** Opening Data excerpt block **

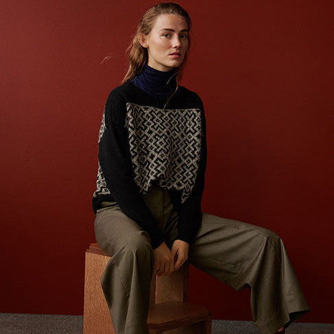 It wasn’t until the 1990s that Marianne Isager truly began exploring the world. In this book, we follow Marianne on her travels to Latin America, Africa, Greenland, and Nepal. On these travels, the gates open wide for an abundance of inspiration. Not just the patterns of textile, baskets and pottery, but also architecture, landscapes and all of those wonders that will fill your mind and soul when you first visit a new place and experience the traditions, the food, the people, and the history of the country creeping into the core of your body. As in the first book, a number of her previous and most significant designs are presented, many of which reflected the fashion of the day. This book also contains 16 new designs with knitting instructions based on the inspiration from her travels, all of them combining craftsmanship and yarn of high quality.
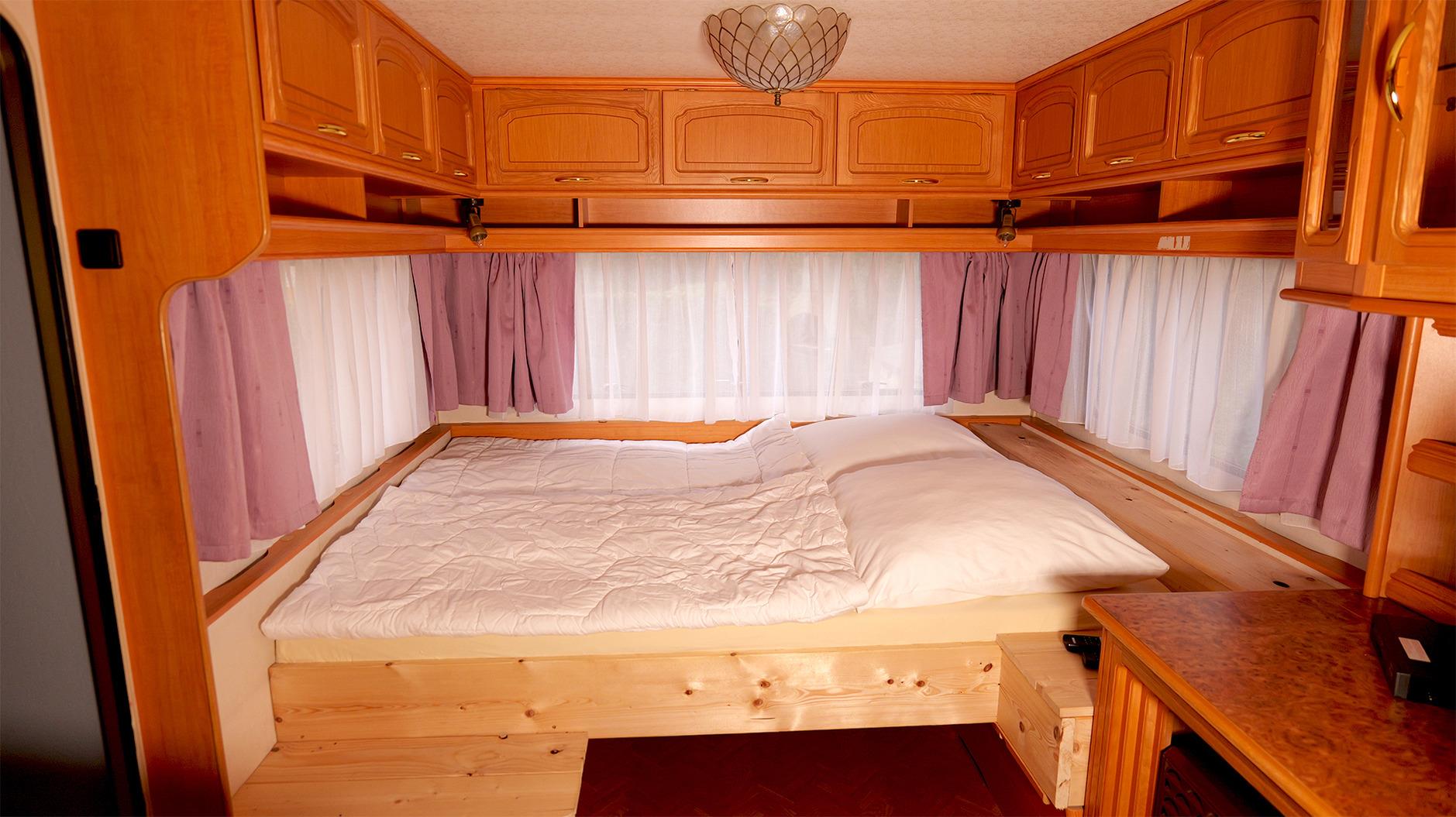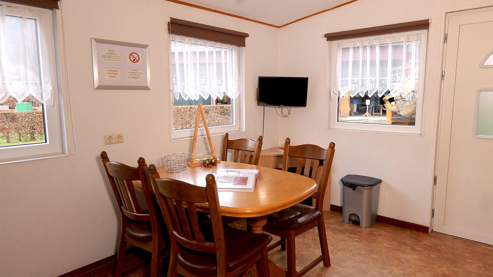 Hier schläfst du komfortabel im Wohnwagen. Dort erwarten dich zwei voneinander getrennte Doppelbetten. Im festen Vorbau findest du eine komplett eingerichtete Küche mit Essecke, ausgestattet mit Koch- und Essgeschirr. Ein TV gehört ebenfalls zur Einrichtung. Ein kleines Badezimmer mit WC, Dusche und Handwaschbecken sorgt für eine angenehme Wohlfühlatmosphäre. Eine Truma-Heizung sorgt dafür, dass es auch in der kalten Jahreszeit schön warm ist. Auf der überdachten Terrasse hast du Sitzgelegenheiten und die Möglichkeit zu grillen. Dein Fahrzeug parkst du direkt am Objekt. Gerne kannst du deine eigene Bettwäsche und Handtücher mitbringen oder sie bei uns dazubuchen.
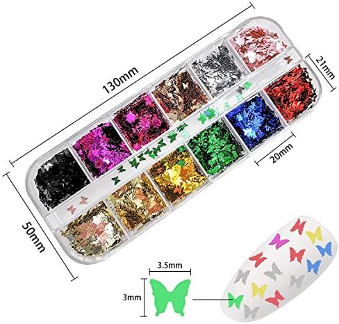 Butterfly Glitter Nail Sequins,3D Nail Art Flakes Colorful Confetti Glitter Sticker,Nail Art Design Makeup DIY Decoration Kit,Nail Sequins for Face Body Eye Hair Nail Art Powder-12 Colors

** Closing Data excerpt block **

**Work instruction**
Leaving each image aside, repeat the listing above exactly.

**Task output**
 It wasn’t until the 1990s that Marianne Isager truly began exploring the world. In this book, we follow Marianne on her travels to Latin America, Africa, Greenland, and Nepal. On these travels, the gates open wide for an abundance of inspiration. Not just the patterns of textile, baskets and pottery, but also architecture, landscapes and all of those wonders that will fill your mind and soul when you first visit a new place and experience the traditions, the food, the people, and the history of the country creeping into the core of your body. As in the first book, a number of her previous and most significant designs are presented, many of which reflected the fashion of the day. This book also contains 16 new designs with knitting instructions based on the inspiration from her travels, all of them combining craftsmanship and yarn of high quality.
 Hier schläfst du komfortabel im Wohnwagen. Dort erwarten dich zwei voneinander getrennte Doppelbetten. Im festen Vorbau findest du eine komplett eingerichtete Küche mit Essecke, ausgestattet mit Koch- und Essgeschirr. Ein TV gehört ebenfalls zur Einrichtung. Ein kleines Badezimmer mit WC, Dusche und Handwaschbecken sorgt für eine angenehme Wohlfühlatmosphäre. Eine Truma-Heizung sorgt dafür, dass es auch in der kalten Jahreszeit schön warm ist. Auf der überdachten Terrasse hast du Sitzgelegenheiten und die Möglichkeit zu grillen. Dein Fahrzeug parkst du direkt am Objekt. Gerne kannst du deine eigene Bettwäsche und Handtücher mitbringen oder sie bei uns dazubuchen.
 Butterfly Glitter Nail Sequins,3D Nail Art Flakes Colorful Confetti Glitter Sticker,Nail Art Design Makeup DIY Decoration Kit,Nail Sequins for Face Body Eye Hair Nail Art Powder-12 Colors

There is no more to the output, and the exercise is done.